An important step that should be discussed during the interactive process is a breakdown of the employee’s functions, particularly the ones that are deemed essential.  Above, you noted that two of the employee’s essential functions relate to “attendance and work location.”  However, it’s important to remember that a function may not be essential just because the employer deems it so.

 

For example, one case that may shed some clarity as to whether in-person attendance is such an essential function is Hostettler v. College of Wooster, 895 F.3d 844 (6th Cir. 2018), where the Sixth Circuit determined that “full-time presence at work is not an essential function of a job simply because an employer says that it is.”  Furthermore, employers will have a hard time arguing that a telework accommodation creates an undue hardship or prevents the employee from performing their essential functions when the employee successfully implemented telework during the pandemic. See Peeples v. Clinical Support Options, Inc., 487 F.Supp.3d 56, 65 (D.  Mass. 2020) (requiring the employer to allow plaintiff to continue teleworking as a reasonable accommodation for asthma during the COVID-19 pandemic where the plaintiff proved that he performed the same duties on-site and at home).

 

However, that is about as far as I  can take this guidance.  The interactive process is extremely fact-specific and is designed to be flexible. Thus, at this point, it sounds like you need to take a close look at the employee’s job functions (especially how they were addressed during the pandemic and how they are handled by other employees in similar positions).  After that, it’s probably a good idea to meet with the employee to further the interactive process.

 

During the interactive process, you, as the employer, need to discuss the employee’s request so that you may better understand why the disability might necessitate the employee working at home. During the process, the employee must explain what limitations of their disability make it difficult to do the job in the workplace or the field (as required), and how the job could still be performed from the employee’s home.  Additionally, you may request information about the individual’s medical condition (including reasonable documentation) if it is unclear whether it is a “disability” as defined by the ADA. The employer and employee may wish to discuss other types of accommodations that would allow the person to remain full-time in the workplace.
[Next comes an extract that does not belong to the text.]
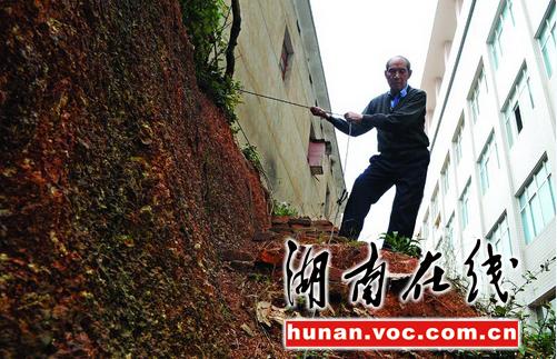 在湖南工程職業(yè)技術(shù)學(xué)院,記者采訪了參與前期拆遷事宜的朱姓工會(huì)主席。談及此事,他也是不斷搖頭。“關(guān)于房屋的補(bǔ)償我們是傷透了腦筋,老吳家不斷加價(jià),學(xué)院無所適從!敝旖榻B說,與老吳家一墻之隔的是學(xué)院新建的教學(xué)樓,因?yàn)椴疬w受阻,教學(xué)樓只好修改規(guī)劃!昂笠屏私5米,看起來歪歪的。”

However, in some situations, working at home may be the only effective option for an employee with a disability.  Similarly, there are certainly situations where a reduced schedule or a flexible schedule have been found to be reasonable accommodations.

 

In any case, if you ultimately determine that continuing to allow this employee to WFH with a reduced schedule creates an undue hardship, then you may not need to provide the accommodations.  However, keep in mind that generalized conclusions will not suffice to support a claim of undue hardship. Instead, undue hardship must be based on an individualized assessment of current circumstances that show that a specific reasonable accommodation would cause significant difficulty or expense. Further, if an employer determines that one particular reasonable accommodation will cause undue hardship, but a second type of reasonable accommodation will be effective and will not cause an undue hardship, then the employer must provide the second accommodation.

 

So if that is ultimately your decision, then it’s highly suggested to carefully document your decision-making process. Take time to document the reasoning behind the decision and the factors that create the undue burden. Unfortunately, the details of those decisions depend heavily on the workplace, accommodations previously provided to other employees, and the specific employee in question, none of which can be fully assessed in this format.